Now is the time when the emphasis is moving from Web2 to Web3. This necessitates the need to do a comprehensive security analysis of the existing Web2 internet vs newly-found web3 for better clarity.
This blog aims to highlight the security part elaboratively. Let’s just get in!
Cybersecurity Concerns In Web2
The second generation of the web, which represented a transition from static web pages to the dynamic web, led to open communication between the web communities. With the improvisations in the functionality, many issues surfaced in Web2.
Though Web3 is far ahead of web2 in all aspects, it’s important to dust the web2 security to understand how similar attacks are being tried on web3, causing security breaches.

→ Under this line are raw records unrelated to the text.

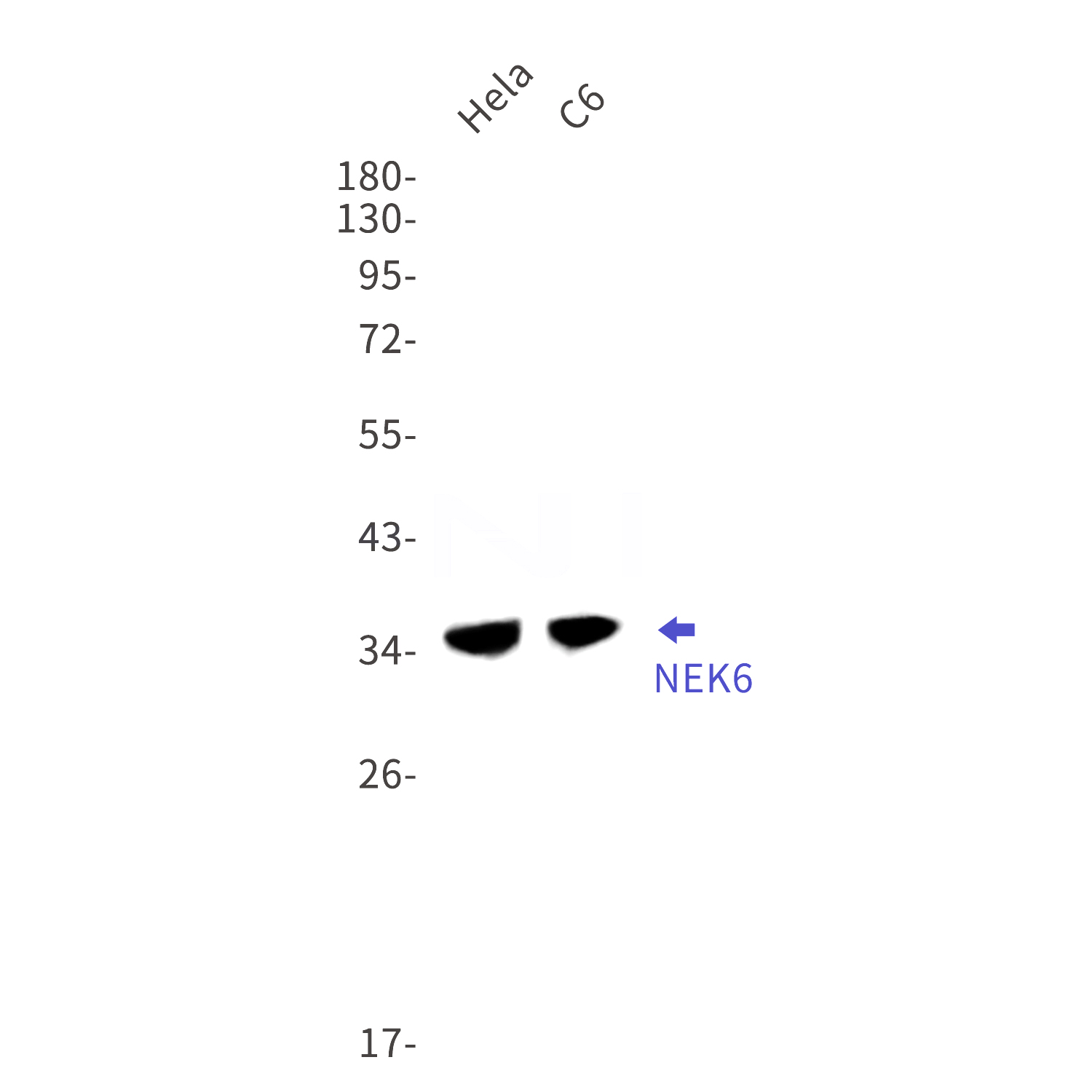 Western blot detection of NEK6 in Hela,C6 cell lysates using NEK6 Rabbit mAb(1:1000 diluted).Predicted band size:36kDa.Observed band size:36kDa.
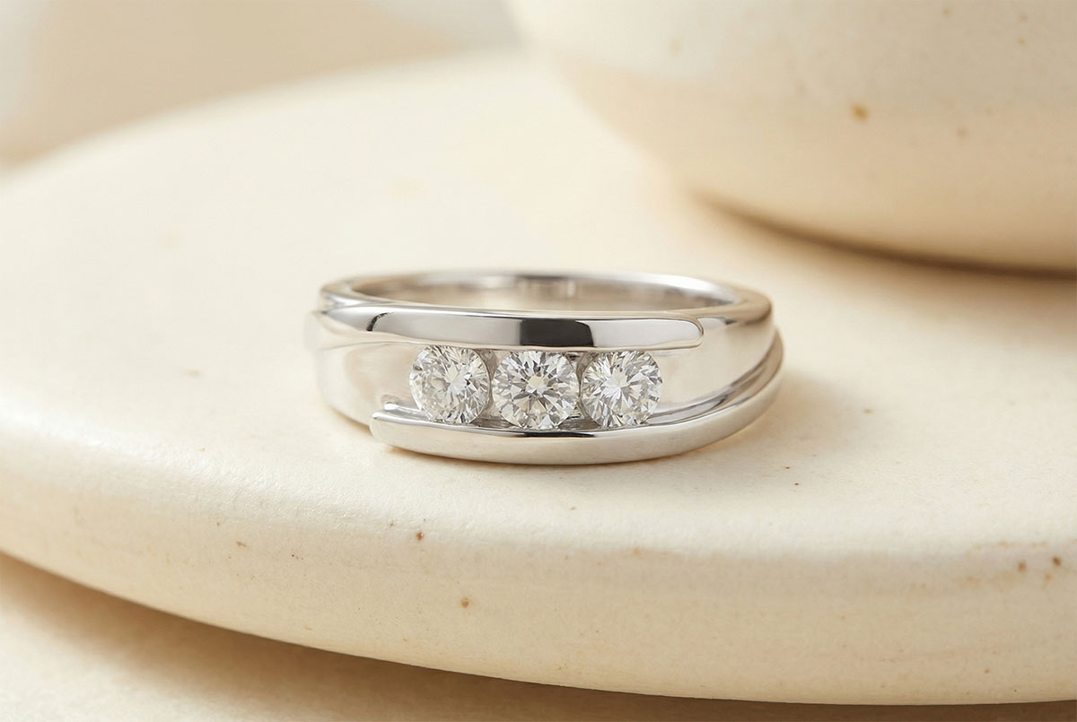 Una montura sobria y clásica realzada por un delicado junco que se abre a una trilogía de diamantes.
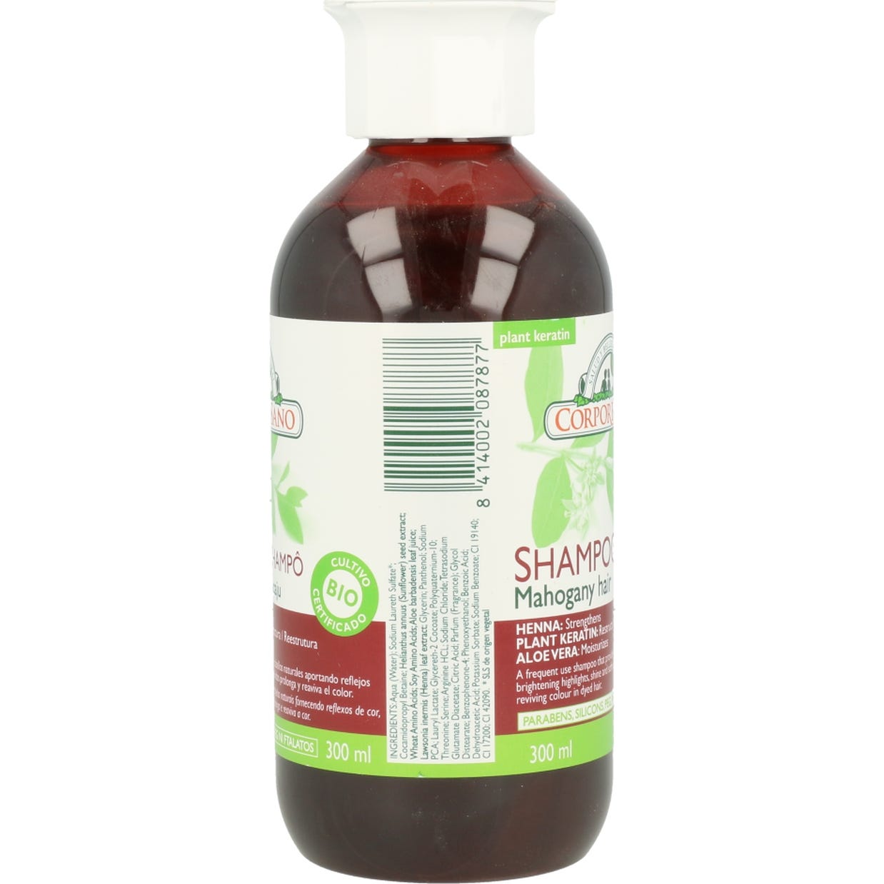 Corpore Sano Champú Cabellos Caoba 300 Ml Bio es un tratamiento que utiliza henna para reavivar y proteger el color del cabello. La henna, un componente natural de origen vegetal, actúa como pigmento tanto en la piel como en el cabello, proporcionando volumen y brillo. Además, la fórmula incluye Limnanthes Alba, que repara las puntas abiertas y protege el color. Para utilizarlo, solo tienes que aplicarlo sobre el cabello mojado, masajear suavemente hasta que aparezca espuma y luego enjuagar con abundante agua. Recuerda conservarlo en un lugar fresco y seco, fuera del alcance de los niños y evitando el contacto con los ojos y mucosas.
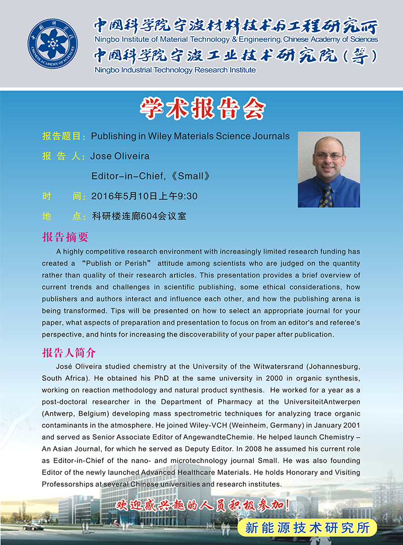5月10日:Jose Oliveira:Publishing in Wiley Materials Science Journals
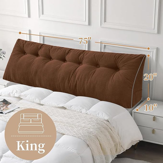 Sasttie Headboard Pillow King, Wedge Pillow Headboard for Sitting Up in Bed, Back-Rest Support Triangular Cushion for Reading - Features Removable Washable Cover, Brown
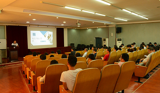 吴汉阳总经理为学员作了题为《专注 专业 创新》的讲座,与学员们分享了自己艰辛又精彩的创业经历与丰富又新颖的科研成果。他首先为学员们介绍了自己,从硕士学位毕业后在广东佛山工作到下海经商,几经浮沉,经历千辛万苦带领企业一步步发展壮大,使博鑫精陶股份有限公司成为国内首个拥有纳米板式陶瓷膜生产技术与工艺的公司,其生产的蜂窝蓄热体产品占国内80%的市场份额;吴汉阳总经理为学员们介绍了公司的核心产品—纳米板式陶瓷膜的构造与过滤原理,进而介绍了让他最引以为傲的纳米板式陶瓷膜一体化处理设备(PC-MBR)。
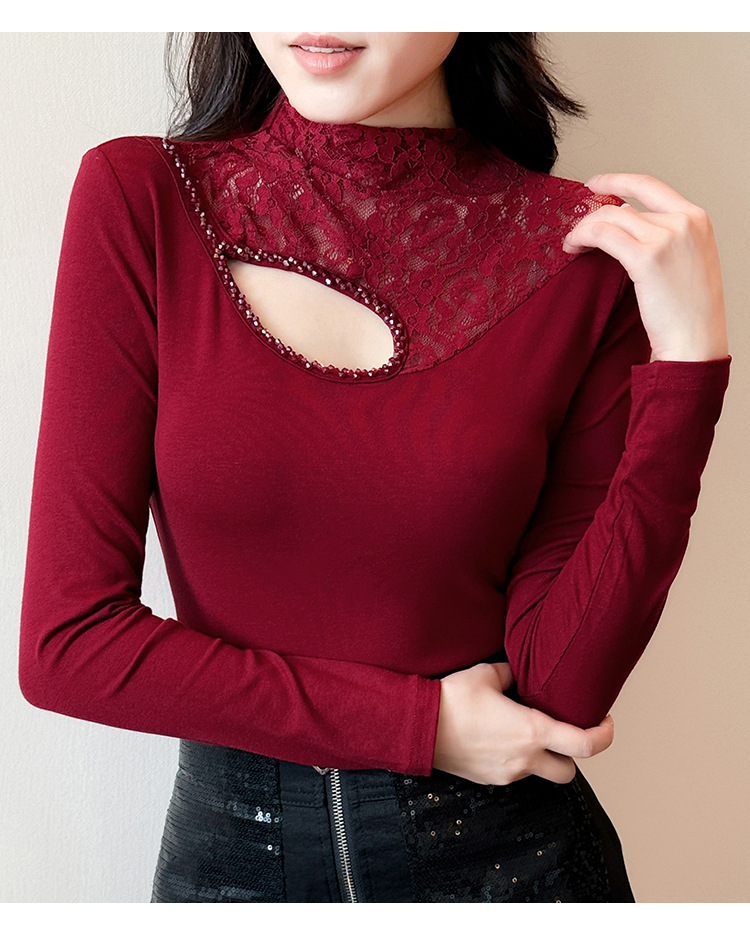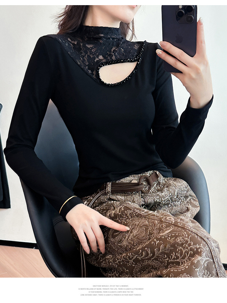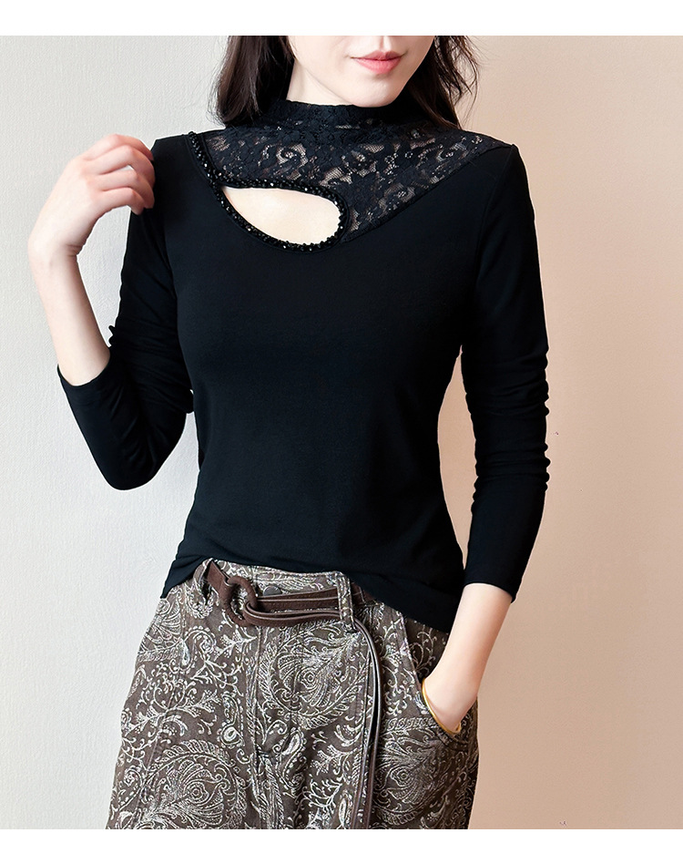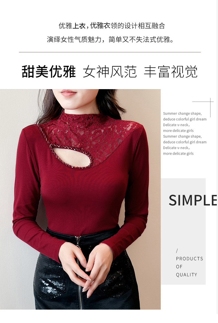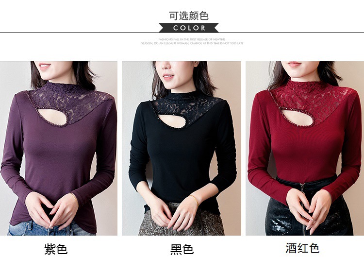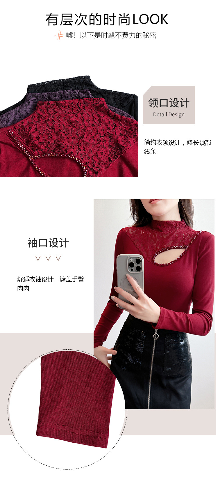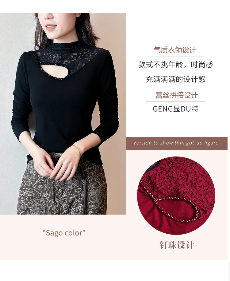 KQL 359H8362加厚磨毛蕾丝拼接半高领长袖订珠t恤修身打底衫

Architectural Layers Of Web2 Cybersecurity
And so here we go– top Web2 security vulnerabilities.
Lack of authentication controls: Web2 distributes the rights over the content to many users and not specifically to a selected number of authorized people. Thus, this gives a very good chance for any less-experienced user to negatively influence the overall system.
For example, an attacker can log in to the site, disguising themself to be an authenticated user to post fake information and carry out unauthentic administrative activities.
Cross-site request fraud: The user visits the website that appears normal but within which lies the malicious code that directs to an unintended website. An example of this is the vulnerability in Twitter which favoured site owners to extract the Twitter profiles of users who visit their website.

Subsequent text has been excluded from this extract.